What has gone wrong?
Family Breakdown: There is a disintegration of many family units. The rate of divorces within the Kenyan community in UK has gone up. If divorce is inevitable, it’s important for parents to take great effort to council, monitor and challenge the behavior of the youngster together and to share responsibilities of guidance and wellbeing of the child.
Economic hardship means that many parents are working overtime, and when at home, are so preoccupied with daily chores that their absence is affecting the wellbeing of the children.
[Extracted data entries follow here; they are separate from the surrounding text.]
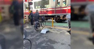 立石の踏切前に「PLEASE REMEMBER ME」と書かれたタライが置いてあった…まじでなにこれ?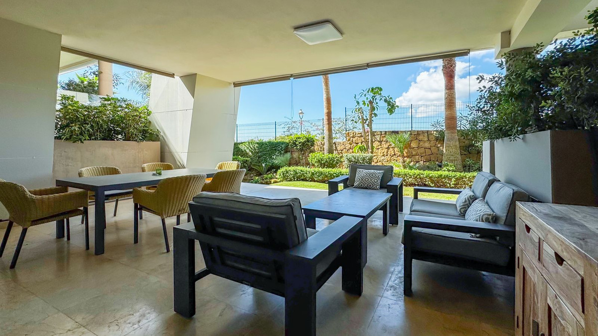 Un appartement de jardin lumineux et élégant à La Montesa de Marbella, où l'architecture moderne rencontre le style de vie décontracté de Cabopino.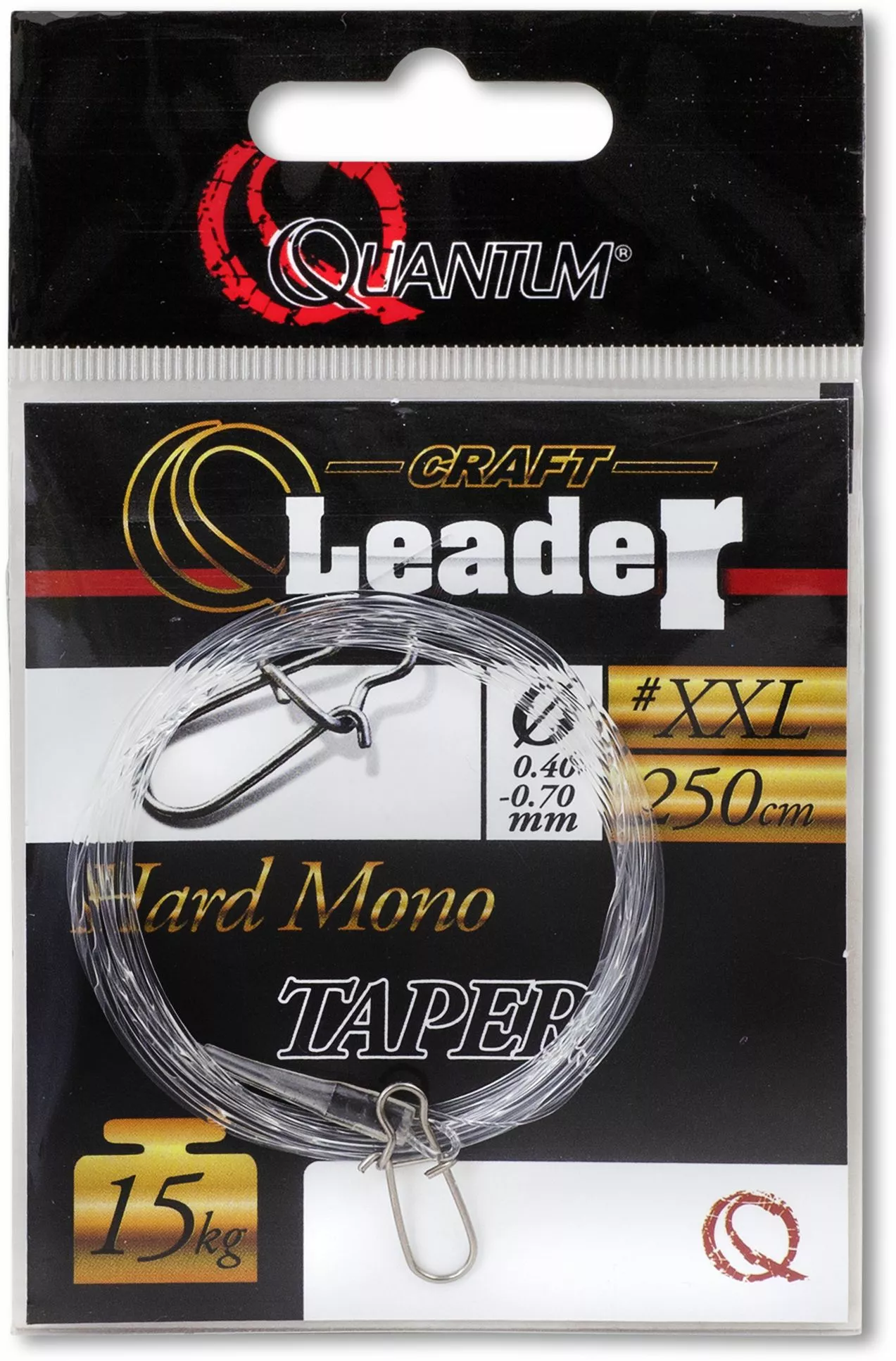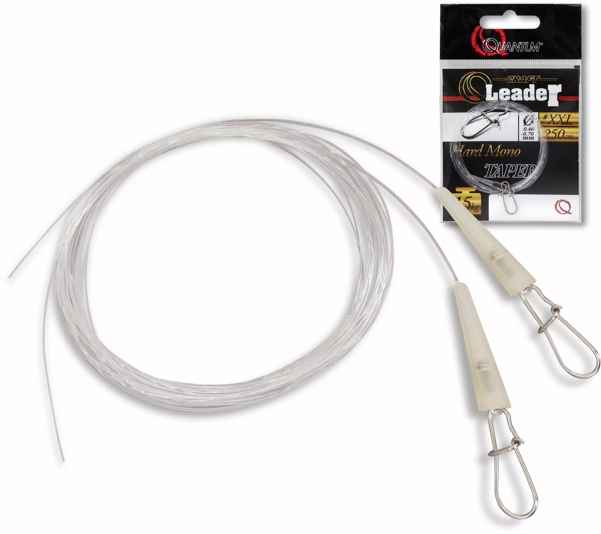 Vervaardigd van een nylonpolymeer, is het oppervlak van het hard monofilament onderlijnmateriaal zeer duurzaam zonder stijf te zijn. Een uniek kenmerk van de leader is het getaperde ontwerp! Dit maakt het mogelijk om het dunne uiteinde direct aan de gevlochten lijn te knopen, waardoor een geleidelijke overgang ontstaat en je optimale werpkwaliteiten hebt. Het dikke uiteinde van de onderlijn, dat voorzien is van een Q-Snap, zorgt voor de noodzakelijke bescherming in de buurt van het kunstaas! Ergonomisch ontworpen, transparante beschermsleeves boven de Q-Snap beschermen de onderlijn tegen irritante waterplantdelen. Geschikt voor zowel zoetwater als zoutwater.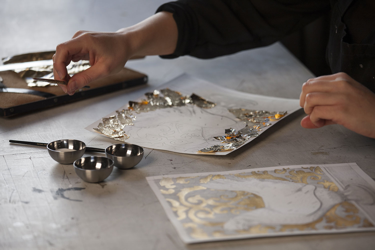 I draw in pencil on paper and gild the background with gold leaf. Gilding is a restoration technique I’ve stolen from my mother’s world: when I first used it to enrich my drawings, I knew at once it was a perfect match for simple graphite. Together, grey and gold became my signature.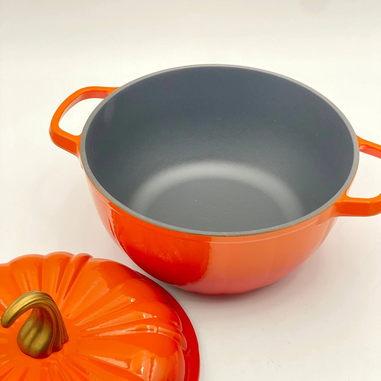 Чугунная эмалированная кастрюля 7л, Тыква, Оранжевый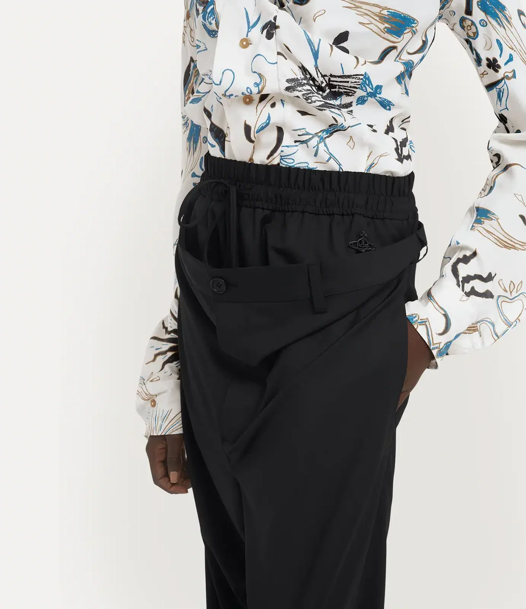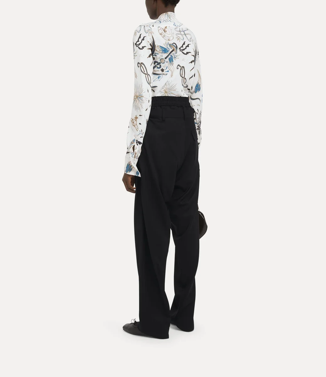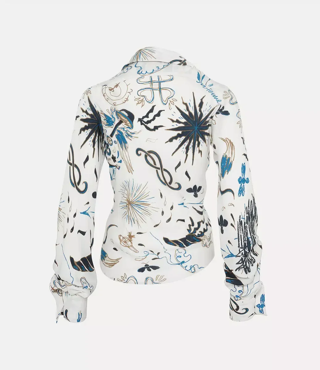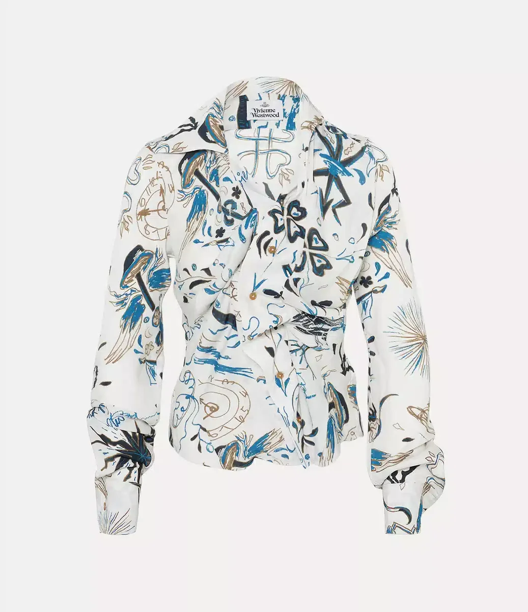 Designed with Vivienne’s experimental drunken tailoring system, our Drunken shirt is cut with an off-centre button placket and an asymmetric hem. Inspired by ‘The Laughing Cavalier’ by Frans Hals, the piece is printed with an abstract graphic design incorporating the house’s signature iconography.
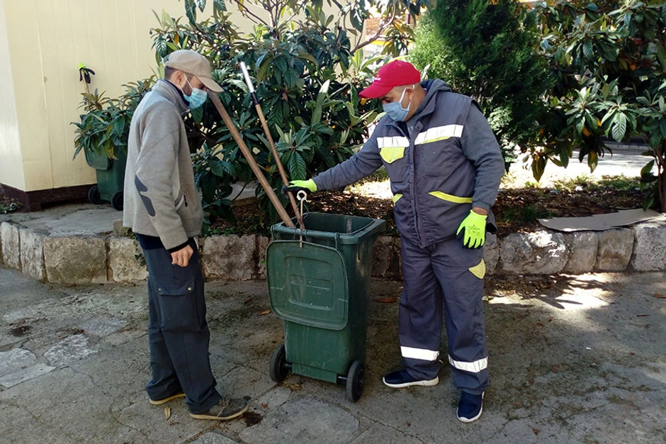 Među vrednim komunalcima koji su angažovani na čišćenju, odvozu smeća, ali i na prolećnom uređenju Trebinja, u radnom odelu, sa rukavicama i maskom na licu su i ujak i sestrić, Romi iz okoline Trebinja.
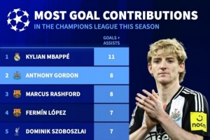 下一篇: 本赛季欧冠参与进球数:姆巴佩11球居首,戈登、拉什福德8球次之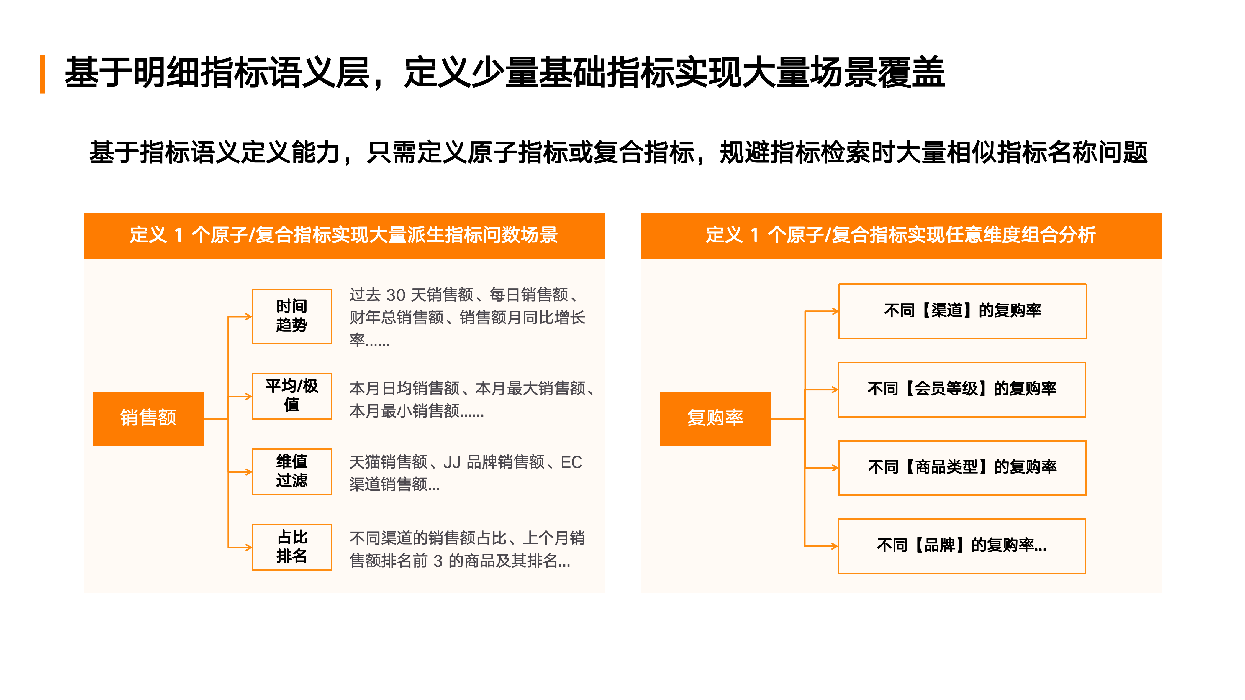 上层基于语义模型构建指标(基础指标、派生指标和复合指标)和维度。

All children are mischievous (remember the mischief you got to while growing up) but certain age groups have coordinated gang like activities, which has high risk, and even though done for fun, could results to criminal records.
Some Kenyans too spend all their money on projects for investment (which is a great idea), but not to the expense of the welfare of the children. They will not need inheritance more than they will need their life skills and education. Many of us are able to hassle here because of the life skills we learnt from our homes. Take time to guide and council, and if need be find a professional.
This is just a glimpse of the problem. Its much more complicated. Remember that many are deported after the prison sentence. I would love to see a brainstorm, suggestions and words of hope to families affected. Remember that it could happen to anybody, from pastors to ministers. This is a community problem, how in your opinion can we reverse the trend?